Starting at the first line of the data, print every line up to and including the one with "浙江省農(nóng)業(yè", but no pictures.

══ GIVEN MATERIAL

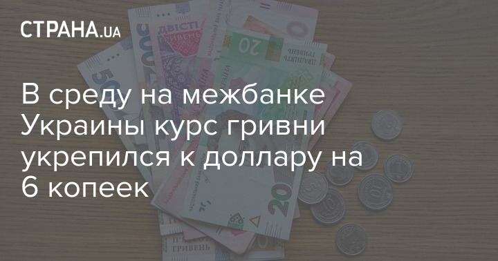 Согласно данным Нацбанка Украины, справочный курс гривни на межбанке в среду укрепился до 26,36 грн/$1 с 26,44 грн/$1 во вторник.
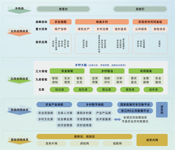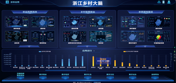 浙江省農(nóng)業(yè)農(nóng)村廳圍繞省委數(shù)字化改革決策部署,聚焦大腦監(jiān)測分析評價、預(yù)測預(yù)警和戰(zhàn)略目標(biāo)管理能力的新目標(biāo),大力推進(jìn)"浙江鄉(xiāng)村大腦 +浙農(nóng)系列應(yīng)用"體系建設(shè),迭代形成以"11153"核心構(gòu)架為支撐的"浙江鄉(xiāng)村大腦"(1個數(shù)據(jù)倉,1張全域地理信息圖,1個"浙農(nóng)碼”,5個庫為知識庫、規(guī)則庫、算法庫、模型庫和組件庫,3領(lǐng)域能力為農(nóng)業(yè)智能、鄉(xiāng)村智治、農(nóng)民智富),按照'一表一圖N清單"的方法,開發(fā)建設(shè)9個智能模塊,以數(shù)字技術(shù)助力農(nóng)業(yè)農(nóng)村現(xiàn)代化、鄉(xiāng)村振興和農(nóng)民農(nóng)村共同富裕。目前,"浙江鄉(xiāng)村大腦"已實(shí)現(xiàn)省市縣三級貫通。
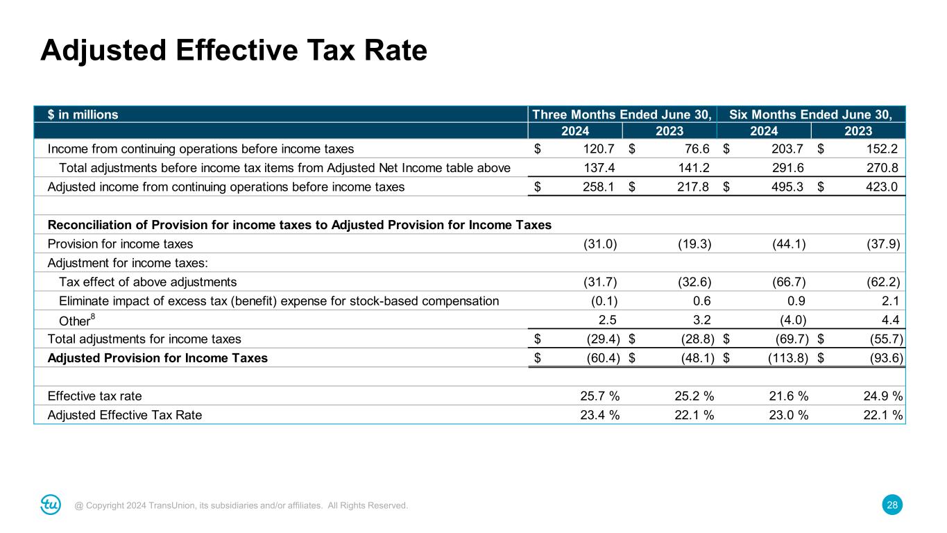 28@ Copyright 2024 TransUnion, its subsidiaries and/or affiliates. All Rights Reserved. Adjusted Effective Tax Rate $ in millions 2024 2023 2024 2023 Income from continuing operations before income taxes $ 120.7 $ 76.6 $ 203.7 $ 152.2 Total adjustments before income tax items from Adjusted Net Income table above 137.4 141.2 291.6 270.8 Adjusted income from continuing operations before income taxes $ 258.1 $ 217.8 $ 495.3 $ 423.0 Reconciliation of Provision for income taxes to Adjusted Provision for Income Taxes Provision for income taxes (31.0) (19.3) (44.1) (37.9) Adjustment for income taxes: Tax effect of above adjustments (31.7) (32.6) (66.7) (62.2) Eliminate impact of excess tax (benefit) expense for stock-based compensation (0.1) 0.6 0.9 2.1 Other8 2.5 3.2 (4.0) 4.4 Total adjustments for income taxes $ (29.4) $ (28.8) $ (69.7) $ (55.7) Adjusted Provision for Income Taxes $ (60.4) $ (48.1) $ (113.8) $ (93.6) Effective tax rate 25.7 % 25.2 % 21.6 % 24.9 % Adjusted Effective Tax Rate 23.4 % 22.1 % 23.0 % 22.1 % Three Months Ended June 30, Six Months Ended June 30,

════

## REPLY
 Согласно данным Нацбанка Украины, справочный курс гривни на межбанке в среду укрепился до 26,36 грн/$1 с 26,44 грн/$1 во вторник.
 浙江省農(nóng)業(yè)農(nóng)村廳圍繞省委數(shù)字化改革決策部署,聚焦大腦監(jiān)測分析評價、預(yù)測預(yù)警和戰(zhàn)略目標(biāo)管理能力的新目標(biāo),大力推進(jìn)"浙江鄉(xiāng)村大腦 +浙農(nóng)系列應(yīng)用"體系建設(shè),迭代形成以"11153"核心構(gòu)架為支撐的"浙江鄉(xiāng)村大腦"(1個數(shù)據(jù)倉,1張全域地理信息圖,1個"浙農(nóng)碼”,5個庫為知識庫、規(guī)則庫、算法庫、模型庫和組件庫,3領(lǐng)域能力為農(nóng)業(yè)智能、鄉(xiāng)村智治、農(nóng)民智富),按照'一表一圖N清單"的方法,開發(fā)建設(shè)9個智能模塊,以數(shù)字技術(shù)助力農(nóng)業(yè)農(nóng)村現(xiàn)代化、鄉(xiāng)村振興和農(nóng)民農(nóng)村共同富裕。目前,"浙江鄉(xiāng)村大腦"已實(shí)現(xiàn)省市縣三級貫通。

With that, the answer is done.